Both stories lead up to a detonation: the incessant violence in Watchmen ends in the destruction of a large part of New York, indirectly by Dr Manhattan himself, in an attempt to avoid war between the USA and USSR, introducing an ultimate 'bad guy', a global deterrent superseding the threat posed by individual nations to each other. After frequent appearances of the World Trade Centre towers in the background (most memorably looming over a rain-swept funeral scene), by the end of the film America has in fact suffered a 9/11-like disaster – yet it ends with an affirmative tone with building beginning in the crater left in New York. The narrative is not allowed to float into complete fantasy; the Watchmen become implicated in the war in Vietnam and Richard Nixon appears as a character in the story. Like Chris Nolan's The Dark Knight (2008), the film has a hint of the packaging up of difficult things into digestible, entertaining chunks. Perhaps the most troubling aspect of Watchmen is that its central message seems to be that extreme violence, on local and global scales, is both necessary and personally rewarding (and equated with sexual prowess) and in the end the only voice of dissent (the pathologically violent Rorshach) is (apparently) justifiably splattered all over Antarctic snow by Dr Manhattan. Watchmen is a fascinating thing, not as a film, but as a symptom. In its request to be taken more seriously than other superhero films, it also needs to be more serious in itself – perhaps stronger, more convincing violence, for example, should come with stronger justification.

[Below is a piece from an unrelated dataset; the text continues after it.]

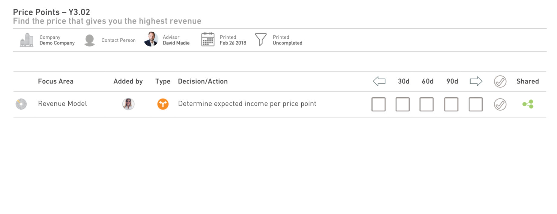 4. Click the download icon to the right to download a Decision Sheet with added decisions and actions.

It is not within the remit of something like Adams' opera to provide affirmation through pleasing narrative conclusion; how could revisiting such massive guilt possibly be made reassuring? Of course, it is in the difficulty of both the subject and the piece itself that it provides a (different) kind of affirmation – assurance that the audience are not merely spectators to an evening's entertainment, they are watching (self consciously) heavy Art. The piece has 'Monumental' written all over it, however, when it strays from the main drama and tries to examine individual psychologies around the bomb itself it starts to seem a little stretched (the prolonged discussion of a particular military man's eating disorder verges on ridiculous). There is a wonderful part in Peter Sellers' libretto where two characters discuss the likelihood of the first atomic bomb igniting the earth's entire atmosphere – these moments that evoke the terrifying unknown beyond the brink of violent scientific breakthrough are the most memorable of the opera.
So as audiences leave their respective theatres, Dr Oppenheimer and Dr Manhattan have both unleashed terrible power upon their alternate worlds, with much interior wranglings and retreat from humankind. Spectators step away from the edge of apocalypse, hopefully in some way satiated.